Inflation – What’s the story?

Inflation it seems is a rather delicate subject in the UK and wider global economies. Rising inflation always seems to be portrayed as a negative thing in the mainstream media, who recollect on days gone by when inflation rose above 10% and thousands of people experienced negative equity in their homes in the late 70s and early 90s. Rising inflation = panic!

Yet, as with many things, the trepidation over rising inflation appears to be something driven by media outlets in order to sell their ‘news’ by citing extremely rare extremities of the past. When we break down the statistics, although the threat of high inflation can be devastating, it is ultimately an extremely rare occurrence. In fact, since 1860, inflation in the UK has only climbed above 10% on 4 occasions. That’s 4 times in 157 years, or once every 39.25 years on average. Yet we are led to believe that rising inflation is a disaster for UK consumers, that everything will become more expensive and we won’t be able to afford anything anymore. This is simply nonsense.

Rising inflation, in general, is a result of a country’s economy expanding. People buy more things, the demand for things increases, demand outweighs supply because of people buying more things, and things become more expensive as a result. Economic cycles suggest that inflation is simply the result of a recovering economy.

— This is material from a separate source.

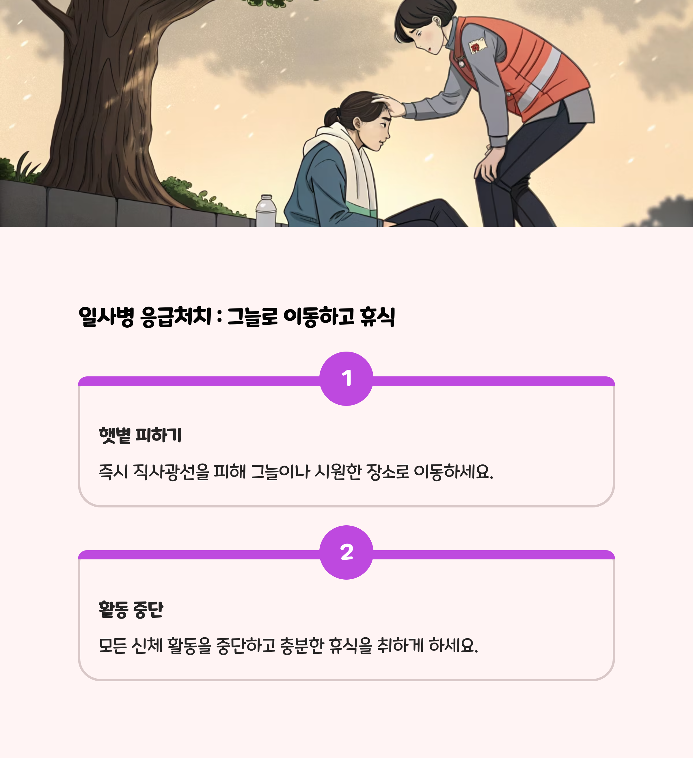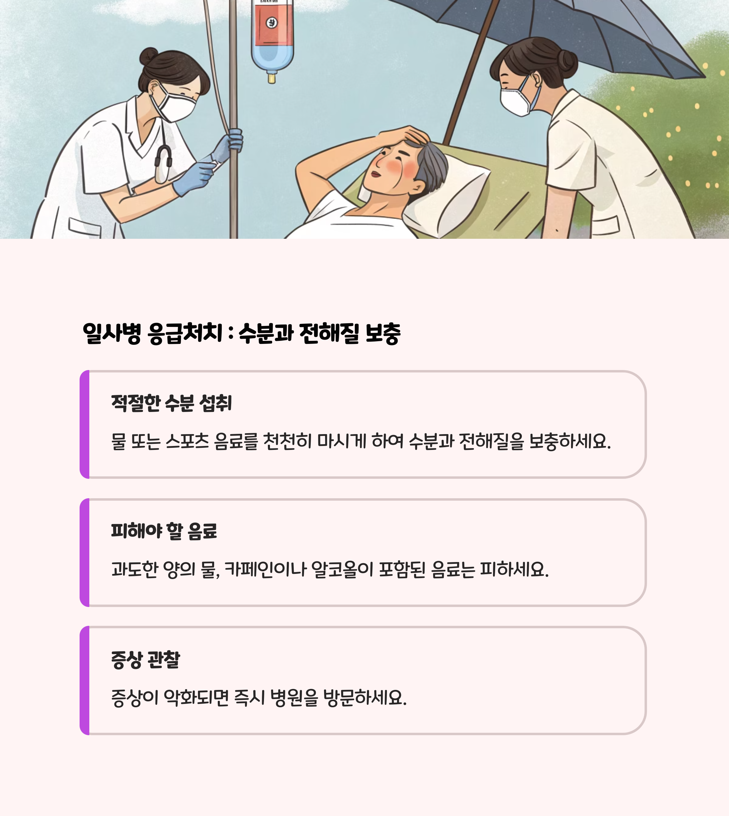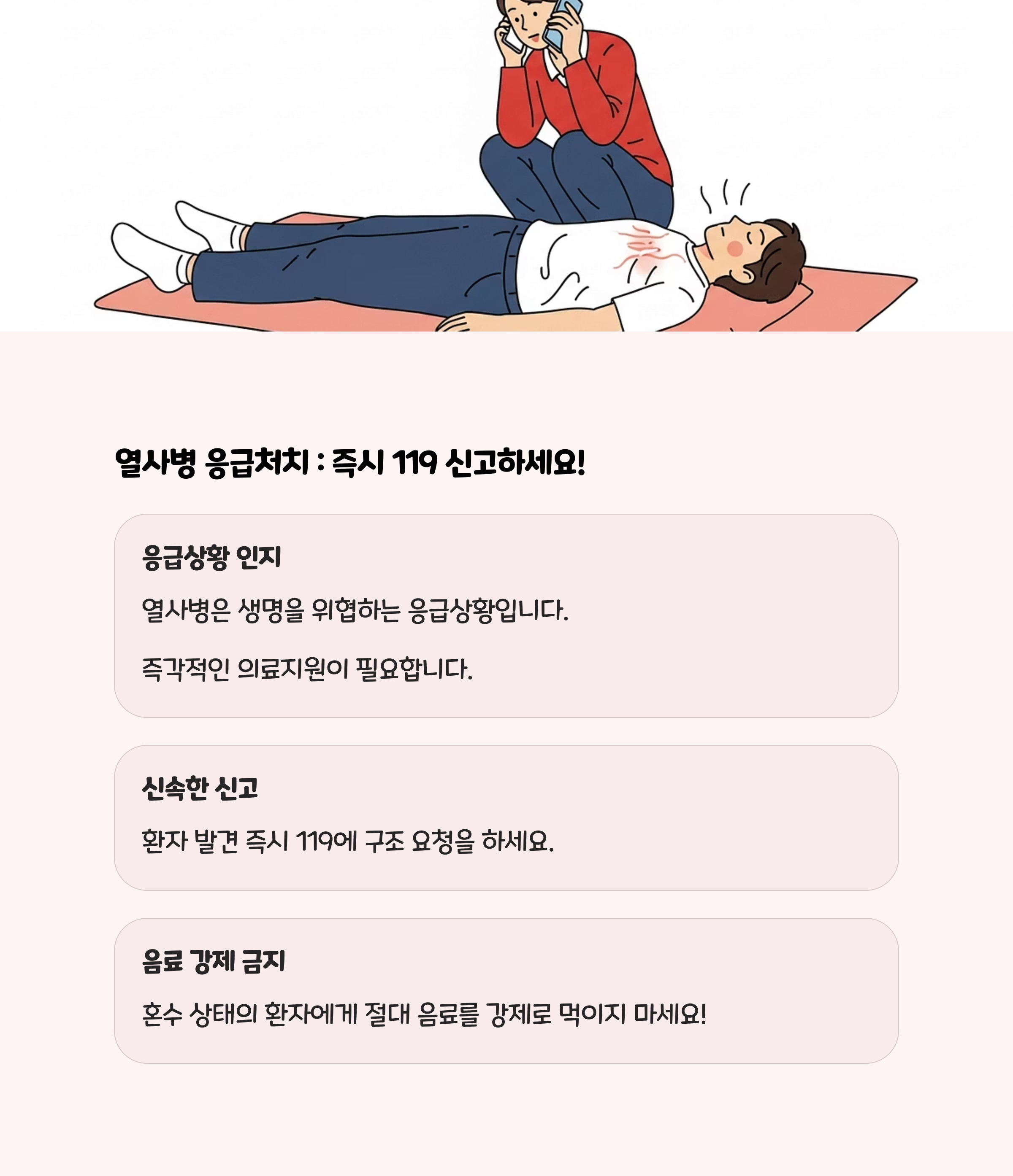 전해질이 포함된 음료(스포츠음료 등)를 마시게 하고, 찬물 샤워나 물수건으로 몸을 식혀줍니다.- 30분 이내 증상이 호전되지 않으면 병원으로 이동합니다.

If we look at this in a little more detail, it really does become rather simple. Let’s say a country’s economy is booming; consumers have money to spend and they are more than happy to spend it because the good times are here and they’re here to stay. Consumer products are readily available, businesses are earning more because people are spending more, therefore employees are paid more, higher pay leads to higher spending and the cycle goes on. Eventually however, the economy reaches breaking point because too many people have taken advantage of the good times, debt is high, as are interest rates due to the willingness to spend, there’s too much money in circulation and the economy simply can’t handle the level of activity. Suddenly, it all comes crashing down. This part of the cycle is aptly named a crash.

The crash hits, and consumers are hit hard. They can no longer sustain their previous level of spending and have to cut back in order to pay off those credit card and loans, which seemed like such a great idea at the time. People spend less money and businesses have manufactured products that nobody has any appetite for anymore. Supply vastly outweighs demand and companies go out of business because nobody can afford to buy their products. There is less money in circulation and the threat of deflation looms. Deflation is the opposite of inflation, where the cost of goods falls instead of rising. Consumers don’t want to buy things because they know it will be cheaper tomorrow and it becomes a self-perpetuating problem that eventually leads to a depression. To tackle this threat, the government generates more money into the economy through Quantitative Easing, as after the economic crash in 2008. By doing this, the government aims to stimulate the flow of money through the economy, to increase the appetite once more of businesses to make products and consumers to buy them.

As this point, we reach the next stage in the cycle; recovery. During the recovery stage, the flow of money around the economy begins to pick up once more. Interest rates and inflation are low, encouraging people to utilise credit and loans at low cost in order to stimulate the purchase and sale of goods. Business begins to pick up, companies start to make money again and become more willing to recycle their turnover into making new and better products. It becomes easy for consumers to purchase high-ticket items such as cars and properties due to the low cost of finance and mortgages and the general flow of money picks up again. However, as the economy recovers, there is still too much money around that isn’t being put to good use. After a crash, people stop spending the money that was previously available during a booming economy. The propensity becomes to save rather than spend. After being bitten by the crash, their guard is up. This leads to a lack of money in circulation but a surplus of money that isn’t being put to good use for the economy, i.e. sitting in a bank account during a time in which interest rates are low.

It is at this point at which inflation comes into play once more. This comes about as a result of too much money simply sitting in the economy. Just like the price of a product is driven by supply and demand, the same is true for the value of money. When there is too much money in the economy that isn’t being spent, yet there isn’t really a demand for it because people can simply borrow money cheaply to buy things, the value of that money ultimately falls; too much supply – not enough demand. This leads to inflation because, while there is enough buying and selling to increase the demand and therefore the price of goods, there remains too much stagnant money in the economy for the value of money to increase alongside the value of products and services. In addition to continuously low interest rates, used to stimulate the economy following the crash, it gives the impression that things are more expensive and the panic ensues that we won’t be able to afford stuff anymore because of big bad inflation.

Rising rates of inflation, although portrayed negatively, is simply the result of a recovering and expanding economy. We’re currently in the recovery stage of our economic cycle, which is broadly why inflation is on the rise. Why don’t we just embrace it for what it is. Maybe you’ll eventually start seeing a better return on your cash savings.

Ultimately, the Bank of England’s target for inflation in a stable economy is 2%; there really is no need to panic that it has risen to 3%!